But what is a sales pipeline — and why is it so instrumental to selling success? In this guide, you’ll learn everything you need about sales pipeline management, including:

The Definition of a Sales Pipeline

A sales pipeline encompasses every stage of your sales process. An opportunity moves from stage to stage of your pipeline based on concrete actions, which is usually represented visually in your CRM. Because sales processes differ from company to company (and even product to product), your sales pipeline should be unique and reflect the typical buyer’s journey. 

Every opportunity will move through your sales pipeline at a different rate depending on their level of interest, urgency, how much research they’ve already done, and so forth. Certain prospects may even skip stages in your pipeline — for example, if a buyer proactively introduces you to the budget authority before you’ve asked, you’d move the deal straight from “initial connect” to “meeting with decision maker.”

Sales Pipeline vs. Sales Forecast

Sales pipelines are often confused with sales forecasts as well. While a pipeline includes every opportunity a salesperson is handling, no matter how new or mature it is, a sales forecast is an estimate of the opportunities likely to close in a given time period.

In addition, pipelines and forecasts have different purposes. Reps use their pipelines to keep track of where prospects are in the sales process and the appropriate actions they should take. Meanwhile, a forecast shows salespeople and sales managers how closely they’re trending to goal and how to prepare. If your forecast anticipates you’re going to miss your quota, you should double down on selling activities. If your forecast shows you’re on-track to make 150% of your quota, on the other hand, you’d want to scale back your efforts for this month and start laying the groundwork for an equally successful next month.

Sales Pipeline vs. Sales Funnel

People often use “sales pipeline” and “sales funnel” interchangeably. However, a funnel suggests the number of prospects you’re working with steadily drops off as the sales process goes on.

This metaphor reinforces the incorrect idea you need three times as many prospects at the top of your funnel as the bottom. A sales manager following this philosophy would ask his rep to connect with 300 buyers to close 100 deals.

According to sales educator and expert Jeff Hoffman, a wide-brim champagne glass is a better metaphor. You may have a ton of prospects entering the pipeline — but the vast majority should drop off after the qualification stage.
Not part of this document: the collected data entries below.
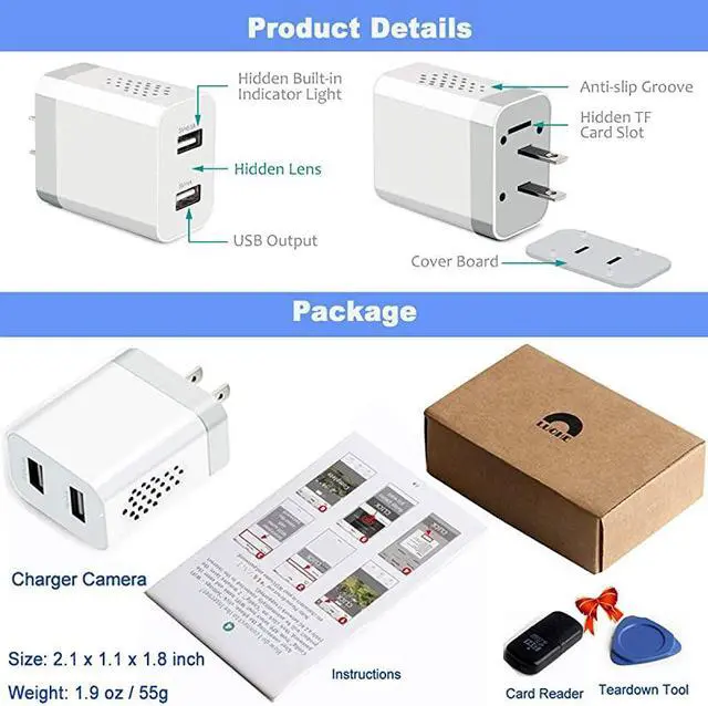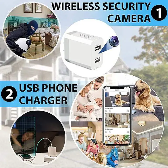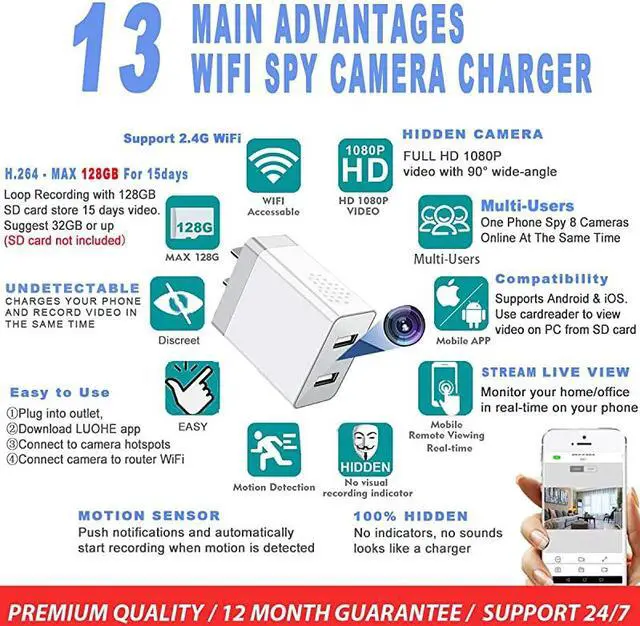 **********WIFI Video Remote View with APP- cam Plug into outlet and download FREE APP, connect camera to wifi to monitor your home/office in real-time on the phone app anywhere. APP supports IOS / Android. *****Easy to USE & Discreet Security Camera--- Quick Plug and Play 1080P Full HD spy camera charger comes with a detailed illustrated manual. signal will auto hide after connected and can't be accessed. *****Motion Detection & Protect Family / Personal Property- USB charger camera adapter will catch a 2mins video when detected movement. Keep an eye on employees/customers/babysitters/nannies/caregivers at home/work/offices/hotels, etc.
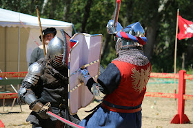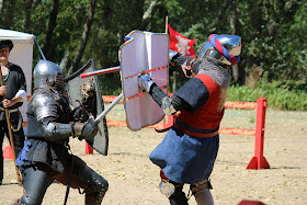 15th Century German hand pavise, based on a similar piece held by the rusthammer museum in Germany, I have altered construction a little for SCA combat the brackets on the back are aluminium for weight reduction and bolts instead of rivets for safety reasons. |
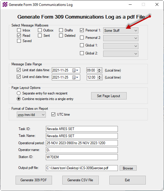 Clicking "Generate 309 PDF" creates an ICS309 in PDF format and shows where it has been saved on your computer.
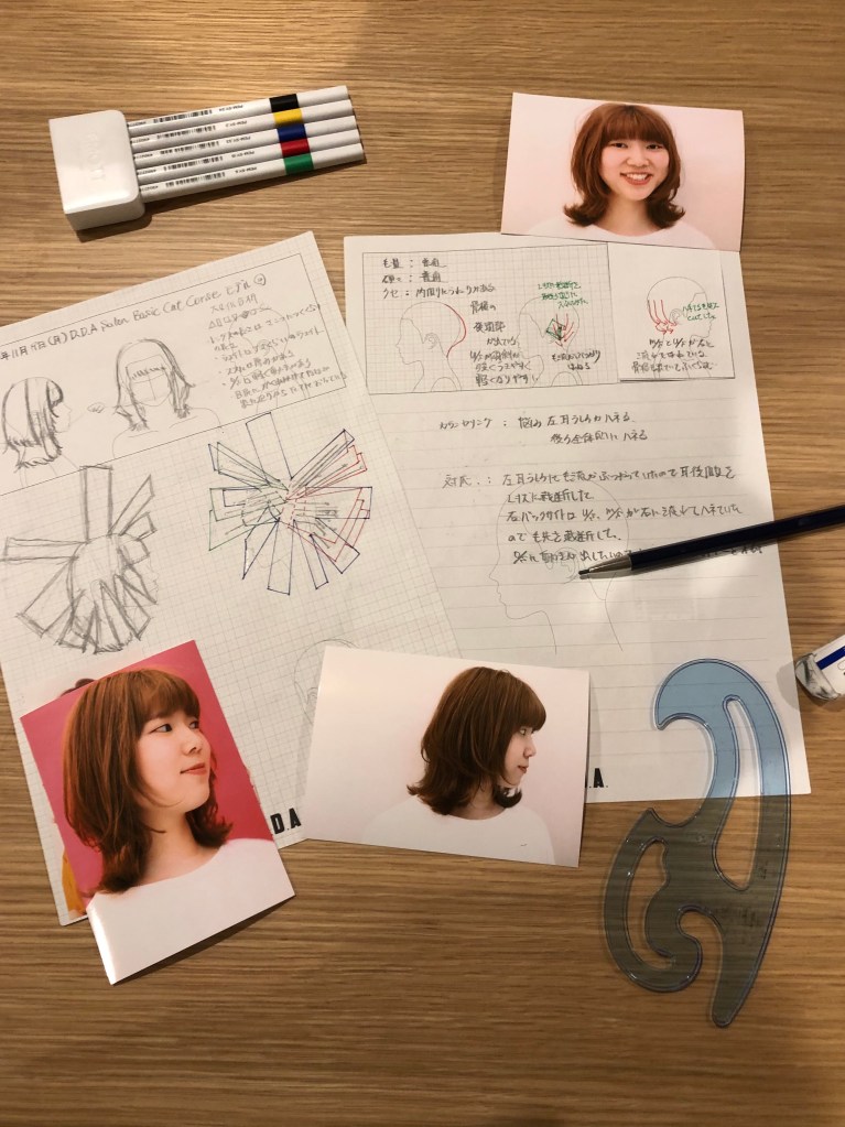 毎日コツコツと色々なスタイルを紙の上で分析し展開図を平面と立体で描いてトレーニングして実際に切っていきます。

After prospects have passed the critical point, most should become customers.

The most successful reps often have 1.25x or 1.5x the ratio of opportunities to deals in their pipelines.

How to Build a Sales Pipeline

Here are the basic steps to building a sales pipeline:

  1. Define the stages of your sales cycle.
  2. Identify how many opportunities typically continue to the next stage.
  3. Work backward to calculate the number of opportunities you need at every stage to hit your revenue goals.
  4. Pinpoint the common characteristics of opportunities that convert for every stage — both actions the rep takes (like sending a follow-up email) and prospect responses (agreeing to a demo).
  5. Create a sales process or adapt your existing one around these actions and numbers.
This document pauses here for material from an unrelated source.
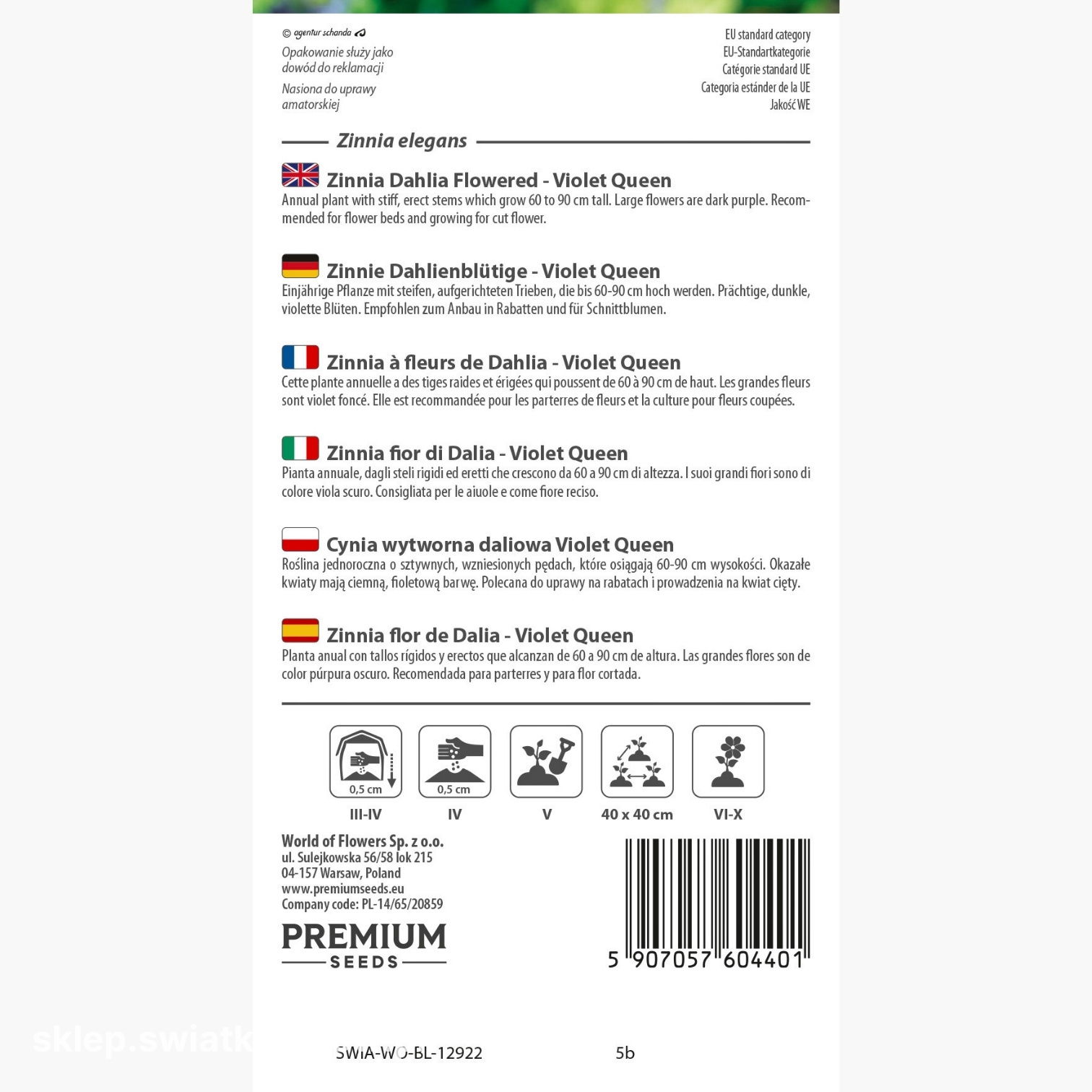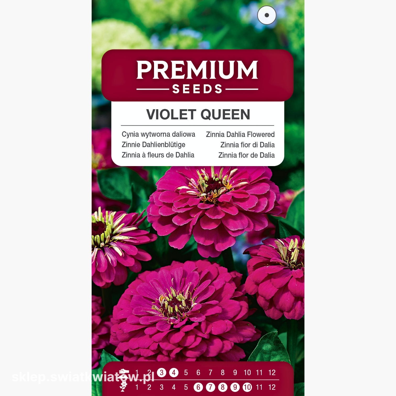 Nasiona cynii wytwornej daliowej Violet Queen wysiewa się na głębokość około 0,5 cm. Tak płytki siew zapewnia szybkie i równomierne wschody, pod warunkiem utrzymania wilgotnego, ale nie przemoczonego podłoża.

Now that you have an overview of the process, let’s dive into the specific steps.

Sales Pipeline Stages

While the quickest way to define your sales pipeline stages might be copying a template, it’s worth the time and effort to develop your own.
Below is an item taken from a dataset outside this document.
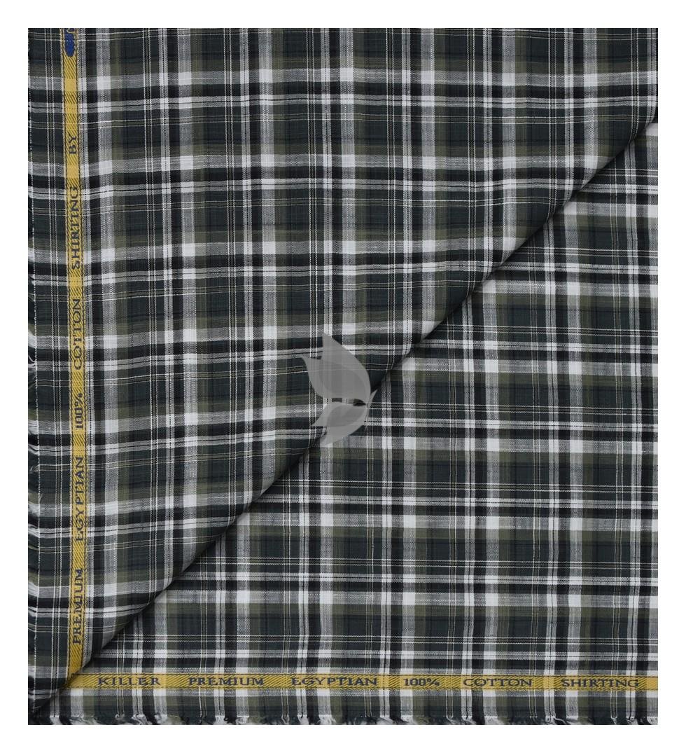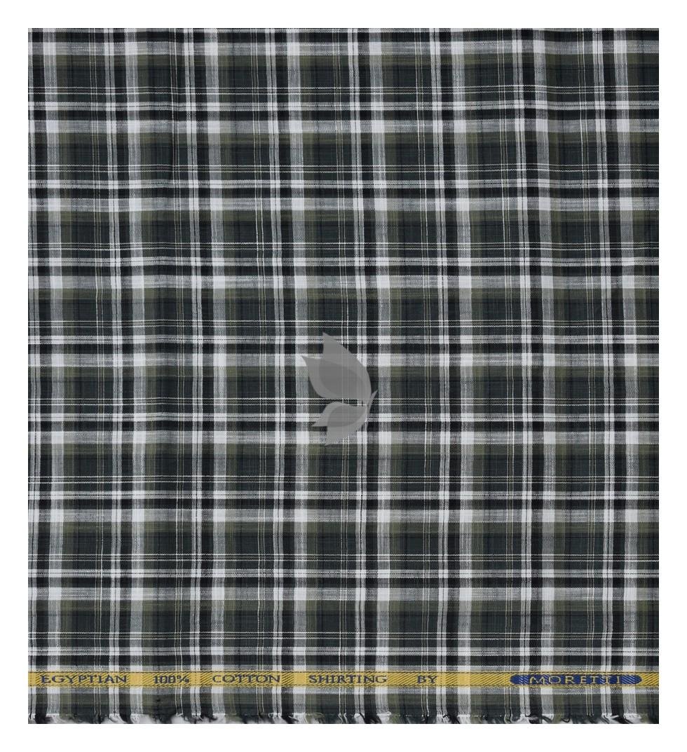 J.Hampstead Moretti Premium Egyptian Collection with 100% Giza Cotton Green Checkered Pattern Unstitched Shirt Fabric of 1.6 mts - Made In Italy / VV2764

After all, the stages of the pipeline must match your prospect’s buying journey to effectively help you track progress and predict revenue.

Review the typical process your customers go through. 

  • Awareness: The buyer realizes they have a pain point or opportunity.
  • Consideration: The buyer defines their paint point or opportunity, develops evaluation criteria and needs, and researches potential approaches.
  • Decision: The buyer has finalized their strategy and is now comparing vendors/specific solutions.

To illustrate, check out this hypothetical buyer’s journey:

inbound-sales-buyer-journey-1.png

With that in mind, your sales pipeline stages might be:

  • Connect: The buyer engages with your company, whether they open an email from a salesperson, attend a webinar, or download a piece of content
  • Appointment set: The buyer agrees to a meeting to learn more about how you can help them.
  • Appointment completed: They showed up to the meeting, and you confirmed next steps.
  • Solution proposed: The buyer is interested in using your product to solve their pain point or capitalize on their opportunity.
  • Proposal sent: The buyer reviews your proposal or contract.

The more complex your product, the longer your sales cycle will take — and the more stages there may be.

You should know how long prospects spend in each stage — both across the board and for closed/won deals. For example, maybe the average prospect spends two weeks in the demo stage, while prospects that eventually buy spend three weeks.

Knowing these benchmarks will help your reps and sales managers predict which opportunities are likeliest to close.

It’s also critical to establish yield probability (or conversion rate) per stage. Perhaps prospects are 75% likely to buy in the demo stage and 90% likely to buy in the negotiation stage. Once you’ve assigned these percentages to each stage, you can develop monthly and/or quarterly revenue estimates.

How to Determine Your Ideal Pipeline Size

Now you can work backwards to determine how many opportunities you need in each stage of your pipeline. Start with your target monthly or quarterly revenue divided by your average deal size. That tells you how many deals you need to win in a month or quarter.

Next, divide your target deal number by your yield probability per stage. If you need to win 135 deals, and your reps typically close 90% of deals in the negotiation stage, 150 opportunities must reach that stage in a month.

Repeat this process for every stage. Once you have total milestones, you can divide these goals by salesperson.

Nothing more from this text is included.